Registry of First-line Treatments in Patients With Critical Limb Ischemia (CRITISCH)

This study is currently recruiting participants. (see Contacts and Locations)
Verified June 2013 by St. Franziskus Hospital
Sponsor:
Collaborators:
Deutsches Institut für Gefäßmedizinische Gesundheitsforschung gGmbH (DIGG)
Deutsche Gesellschaft für Gefäßchirurgie und Gefäßmedizin
Information provided by (Responsible Party):
Dr. Theodosios Bisdas, St. Franziskus Hospital
ClinicalTrials.gov Identifier:
NCT01877252
First received: May 20, 2013
Last updated: June 10, 2013
Last verified: June 2013
  Purpose

The principal research question is which treatment modality between open surgical, endovascular and conservative therapy is the most effective in terms of limb salvage, survival and reinterventions in patients with critical limb ischemia


Condition Intervention
Critical Limb Ischemia
Procedure: Surgical revascularization
Procedure: Endovascular revascularization
Other: No vascular intervention

Study Type: Observational [Patient Registry]
Study Design: Observational Model: Cohort
Time Perspective: Prospective
Target Follow-Up Duration: 2 Years
Official Title: National Registry Investigating the Effectiveness of Different First-line Treatment Strategies in Patients With Critical Limb Ischemia

Resource links provided by NLM:


Further study details as provided by St. Franziskus Hospital:

Primary Outcome Measures:
  • Amputation-free survival [ Time Frame: at 2 years ] [ Designated as safety issue: Yes ]
    Above-ankle amputation of the index limb or death (any cause), whichever occurred first


Secondary Outcome Measures:
  • Perioperative death [ Time Frame: 30 days ] [ Designated as safety issue: Yes ]
  • Major adverse limb event (MALE) [ Time Frame: at 1 year, at 2 years ] [ Designated as safety issue: Yes ]
    above ankle amputation of the index limb or major intervention (new bypass graft, jump/interposition graft revision, or thrombectomy/thrombolysis)

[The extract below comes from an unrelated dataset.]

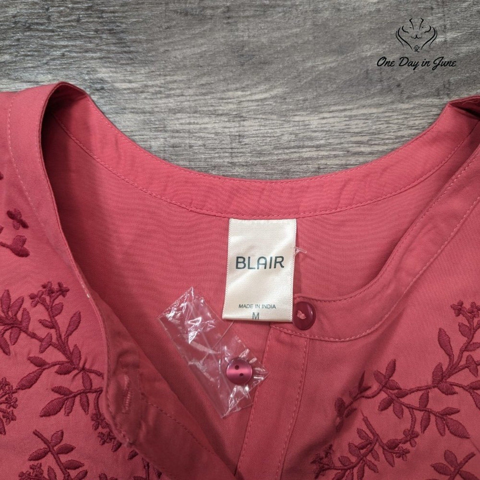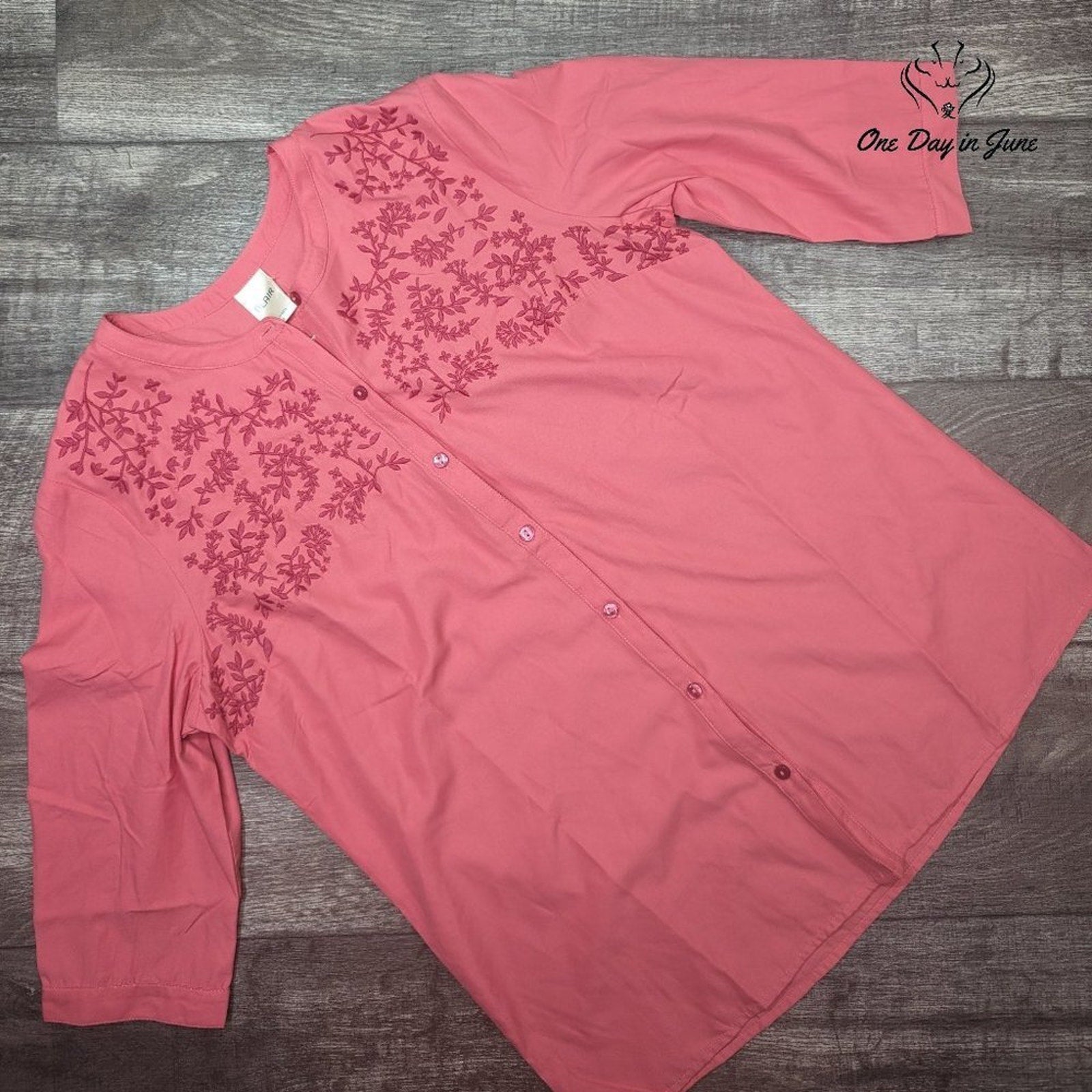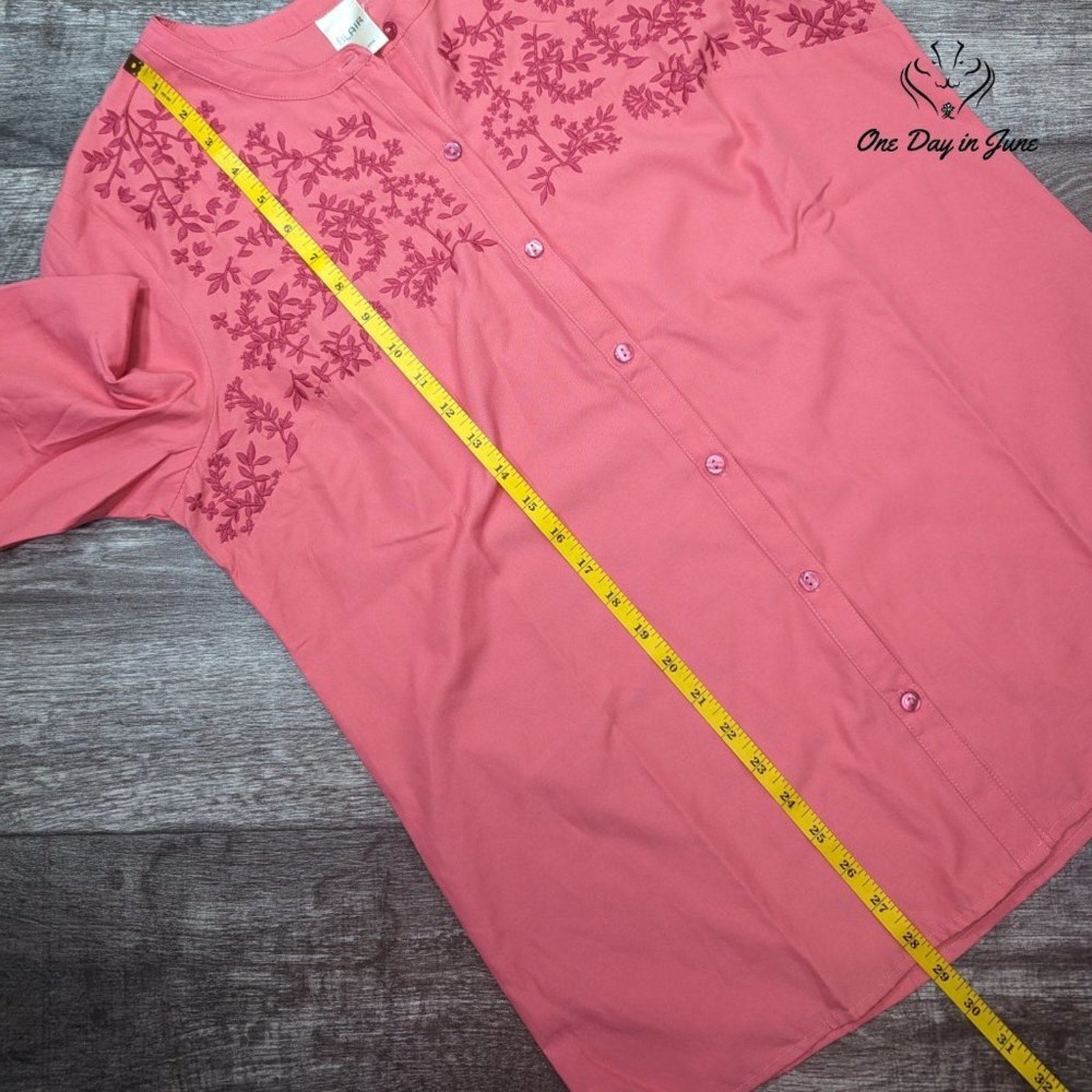 Dive into a kaleidoscope of coral, this Blair 3/4 sleeve button-front top is a symphony of polyester and rayon. Brand new, still cradles the newborn whisper of untouched tags. A wildcard in a mundane wardrobe, this piece is a testament to those daring enough to confront the ordinary.

  • Major adverse cardiovascular event (MACCE) [ Time Frame: at 30 days, at 1 year, at 2 years ] [ Designated as safety issue: Yes ]
    myocardial infarction, stroke or death (any cause)

  • Sustained clinical improvement [ Time Frame: at 1 year, at 2 years ] [ Designated as safety issue: No ]
    upward shift on the Rutherford or Fontaine classification to a level of intermittent claudication in amputation-free surviving patients without the need for repeated target lesion revascularization (TLR) (primary improvement) or after repeated TLR (secondary improvement)

  • Hemodynamic failure [ Time Frame: at 30 days, at 1 year, at 2 years ] [ Designated as safety issue: No ]
    first occurrence of any of the following events in a time-to-event fashion: (a) major amputation (transtibial or above) and/or (b) reintervention to maintain vascular patency in the index limb and/or (c) failure to increase ankle-brachial-index (ABI) by at least 0.15 postprocedure] and/or (d) decrease in ABI by 0.15


Estimated Enrollment: 1200
Study Start Date: January 2013
Estimated Study Completion Date: January 2018
Estimated Primary Completion Date: January 2018 (Final data collection date for primary outcome measure)
Groups/Cohorts Assigned Interventions
Endovascular treatment
Angioplasty +/- stent
Procedure: Endovascular revascularization
Other Names:
  • Balloon angioplasty
  • Stent
  • Drug-eluting balloon
  • Drug-eluting stent
  • Lysis
Open treatment
Bypass (vein or prosthetic)
Procedure: Surgical revascularization
Other Names:
  • Vein
  • PTFE
  • Dacron
  • Femoral artery patchplasty
  • Profunda patchplasty
Patchplasty/Hybrid treatment
Femoral artery patchplasty +/- profundoplasty +/- endovascular treatment
Procedure: Surgical revascularization
Other Names:
  • Vein
  • PTFE
  • Dacron
  • Femoral artery patchplasty
  • Profunda patchplasty
Procedure: Endovascular revascularization
Other Names:
  • Balloon angioplasty
  • Stent
  • Drug-eluting balloon
  • Drug-eluting stent
  • Lysis
Conservative treatment
no vascular intervention
Other: No vascular intervention
Other Names:
  • Major amputation
  • Minor amputation
  • Sympatholysis
  • Conservative treatment

Detailed Description:

The target population consists of patients suffering from critical limb ischemia (CLI) lasting more than 2 weeks. CLI is defined as rest pain or tissue loss (Fontaine stages III-IV or Rutherford classes 4 to 6) and/or ankle-brachial index < 0.40. Patient with acute limb-threatening ischemia, bone fractures in the relevant areas, nonatherosclerotic disease (e.g. arteriitis) and documented hypercoagulable diseases will be excluded from this study. There will be no experimental or control groups. The comparison groups will be:

Group 1: Best endovascular treatment (angioplasty +/- stent) Group 2: Best surgical treatment [bypass (vein or prosthetic)] Group 3: Femoral artery patchplasty +/- profundoplasty (+/- endovascular treatment) Group 4: Best conservative treatment

The proposed sample size amounts to 1200 patients.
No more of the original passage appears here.